This article is from 2006.
Where the obtuse beauty of David Shrigley's drawings is in their rudimentary nature - they could be the doodles of an actively imaginative and possibly psychotic primary school child - this selection of engravings and woodcut prints suffers for a not unrelated reason.
It's hard to pinpoint exactly why this is. After all, Shrigley's muse doesn't exactly depend on a great deal of skill, more a singularly narcissistic sense of humour and an eye for incongruous images and slogans which hang well together. So the images here - a series of small, pale white etchings downstairs, a more formidable array of chunky brown and white woodcuts on the first floor - are aesthetically pleasing as sets, but don't manage to appeal individually.
Of course, Shrigley's fame is in his commerciality. But, unlike your average Jack Vettriano, the mere fact that Shrigley displays the attitude that art is what he wants it to be and not what his public demands endears him to the artistic community. So surely he gets to draw (or engrave) what he wants?

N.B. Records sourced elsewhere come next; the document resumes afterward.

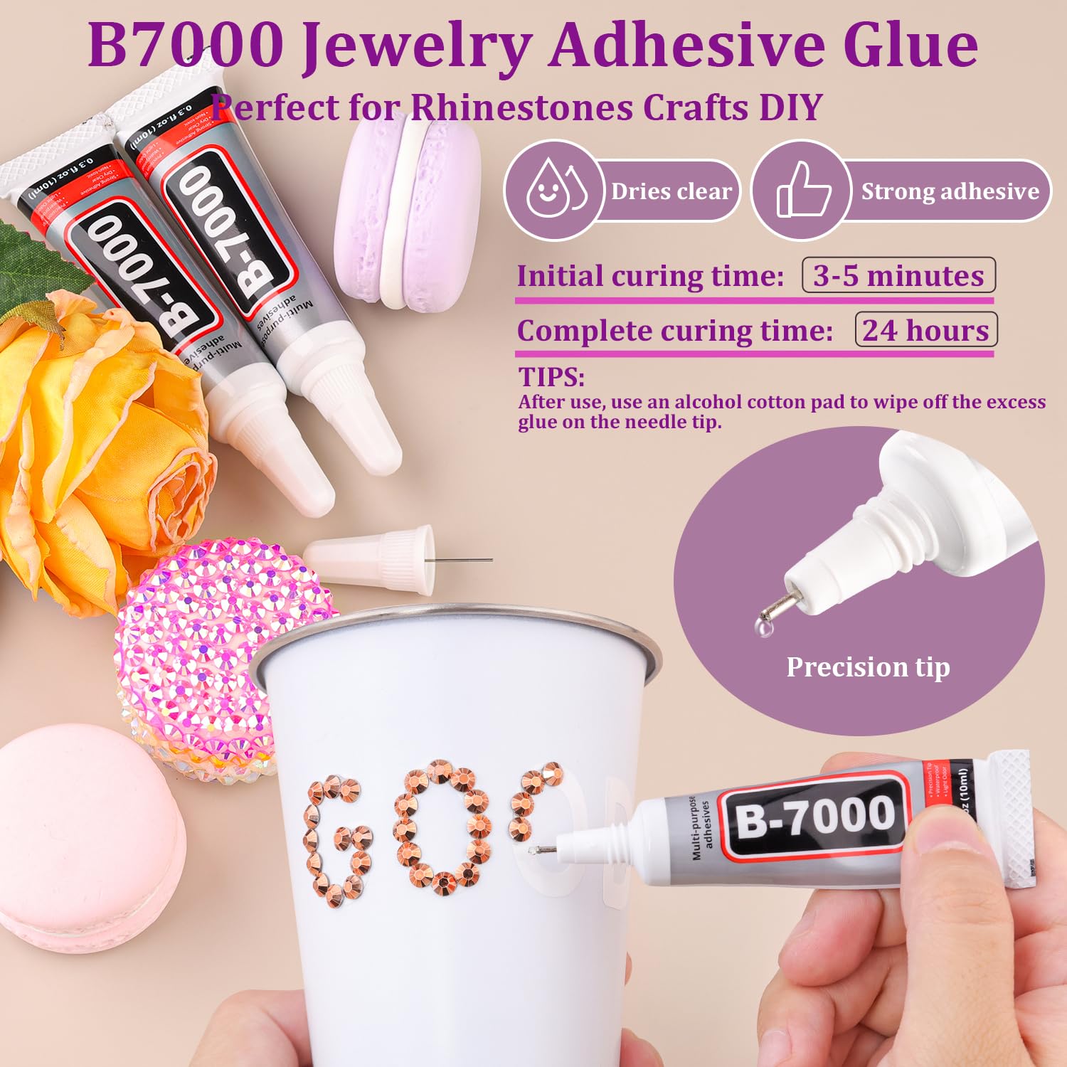 - 🌈B7000 CLEAR GLUE FOR GEMS -- Our B7000 glue has strong adhesion and dries clear, non-toxic and harmless to the skin.The glue has a precision needle for easy application, initial cure time is 3-5 minutes and full cure time is 24 hours. The glue will have a slight overflow when first used, before use you can leave the glue head up for a few minutes to avoid overflow. After use, the needle needs to be wiped with an alcohol pad.
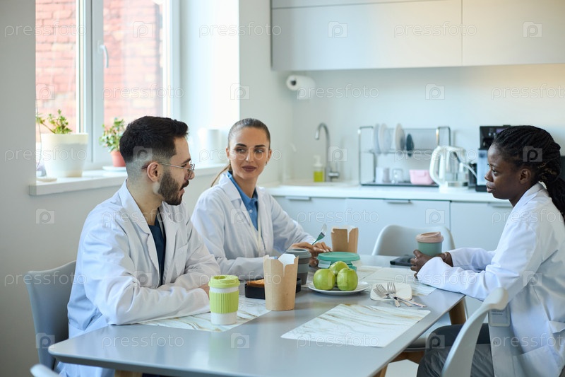 Медицинские работники ведут беседу в комнате отдыха
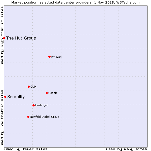 TechnologiesContent ManagementServer-side Languages Client-side Languages JavaScript Libraries CSS Frameworks Web Servers Web Panels Operating Systems Web Hosting Data Centers Reverse Proxies DNS Servers Email Servers SSL Certificate Authorities Content Delivery Traffic Analysis Tools Advertising Networks Tag Managers Social Widgets Site Elements Structured Data Markup Languages Character Encodings Image File Formats Top Level Domains Server Locations Content Languages ComparisonCompare with other | Technologies > Data Centers > Technology usage comparison Comparison of the usage statistics of Semplify vs. The Hut Group for websitesThis report shows the usage statistics of Semplify vs. The Hut Group as data center provider on the web. See technologies overview for explanations on the methodologies used in the surveys. Our reports are updated daily. UsageThis diagram shows the percentages of websites using the selected technologies. How to read the diagram:

Indeed, but he cannot expect us to follow. Many of the pieces on display seem like ideas waiting to be finished or, indeed, waiting to begin. The lone microphone on a white stage, the blocky black handprint or poison bottle, each resembles an experiment in craftsmanship more than anything. One or two cute ideas emerge - stickmen bowing before their stickman God, an incoherent scrawl to represent the word 'drama' - but the best memory of this show is where form meets humour meets execution; an amorphous printed white rectangle, with the hopeful descriptor 'Refrigerator' beneath. (David Pollock)
Edinburgh Printmakers, until 16 Sep.